Begin at the line where "日頃の生活の合間に、手と頭の" appears and reproduce exactly every line through the end of the data below, both included, skipping pictures.

== ENTRIES SUPPLIED ==
□ □ □ □ □
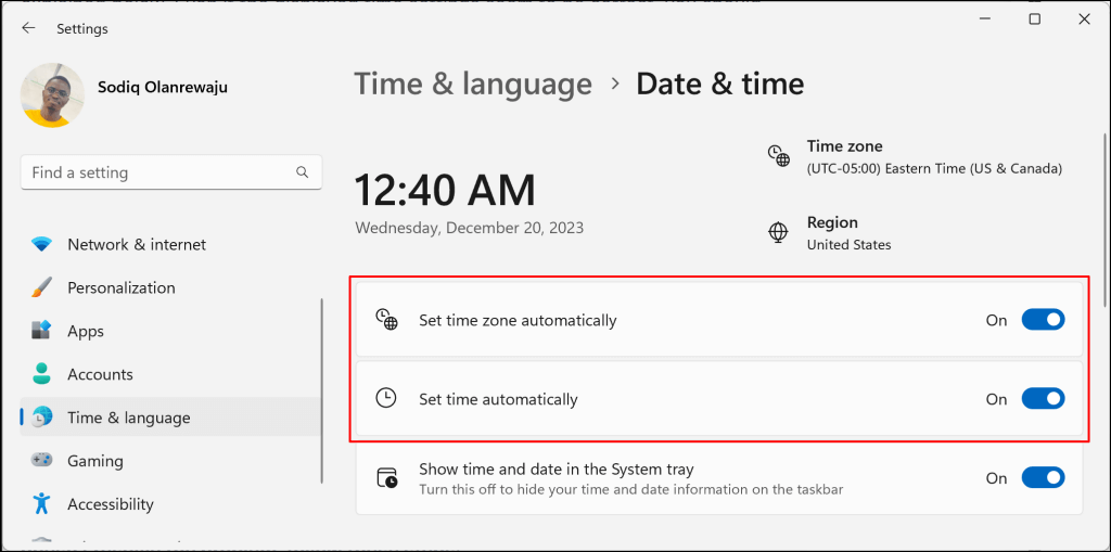 Go to Settings > Time & language > Date & time and toggle on Set time zone automatically and Set time automatically .
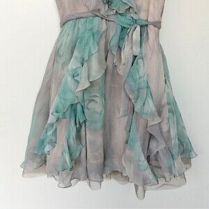 Tracy Reese Silk Ruffle Dress Flounced Frock Dreamy Aqua Floral Size 12
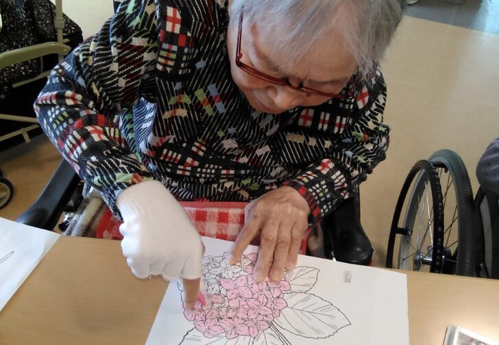 日頃の生活の合間に、手と頭の運動もかねて、塗り絵をしていただいています(^^)……
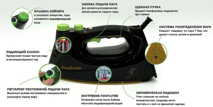 Il design del dispositivo ha un serbatoio integrato o separato con un elemento riscaldante. L'acqua dovrebbe essere versata al suo interno, che con l'aiuto dell'elettricità bollirà e presto si trasformerà in vapore. Ci sono piccoli fori nella suola del dispositivo che consentono al vapore di uscire e penetrare nelle fibre del tessuto, rendendolo uniforme.
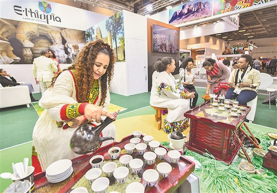 当地时间3月5日,在德国柏林举行的柏林国际旅游交易会埃塞俄比亚展区,工作人员为参观者制作咖啡。新华社记者 任鹏飞 摄
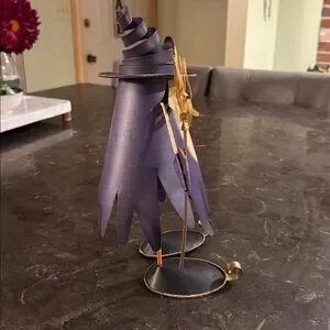 Charming purple witch figurine with a crescent moon hat and broomstick. Features orange and black accents. Has a dot in snd bounces. Good used condition.
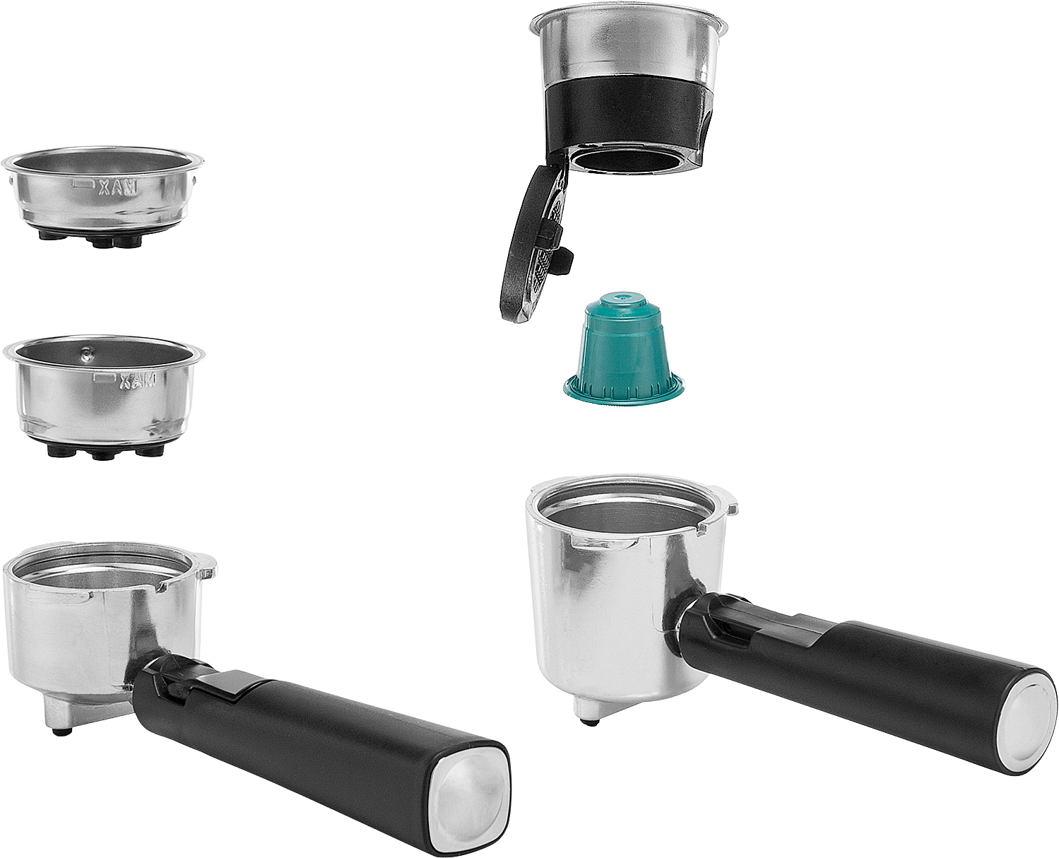 Mukana kolme suodatinta: yhdelle kupille, kahdelle kupille ja Nespresso-kapseleille. Suodatinpidikkeessä on kaksi nokkaa, joten voit valmistaa kaksi espressoa samanaikaisesti.
□ □ □ □ □
== RESULT OF THIS TASK ==
 日頃の生活の合間に、手と頭の運動もかねて、塗り絵をしていただいています(^^)……
 Il design del dispositivo ha un serbatoio integrato o separato con un elemento riscaldante. L'acqua dovrebbe essere versata al suo interno, che con l'aiuto dell'elettricità bollirà e presto si trasformerà in vapore. Ci sono piccoli fori nella suola del dispositivo che consentono al vapore di uscire e penetrare nelle fibre del tessuto, rendendolo uniforme.
 当地时间3月5日,在德国柏林举行的柏林国际旅游交易会埃塞俄比亚展区,工作人员为参观者制作咖啡。新华社记者 任鹏飞 摄
 Charming purple witch figurine with a crescent moon hat and broomstick. Features orange and black accents. Has a dot in snd bounces. Good used condition.
 Mukana kolme suodatinta: yhdelle kupille, kahdelle kupille ja Nespresso-kapseleille. Suodatinpidikkeessä on kaksi nokkaa, joten voit valmistaa kaksi espressoa samanaikaisesti.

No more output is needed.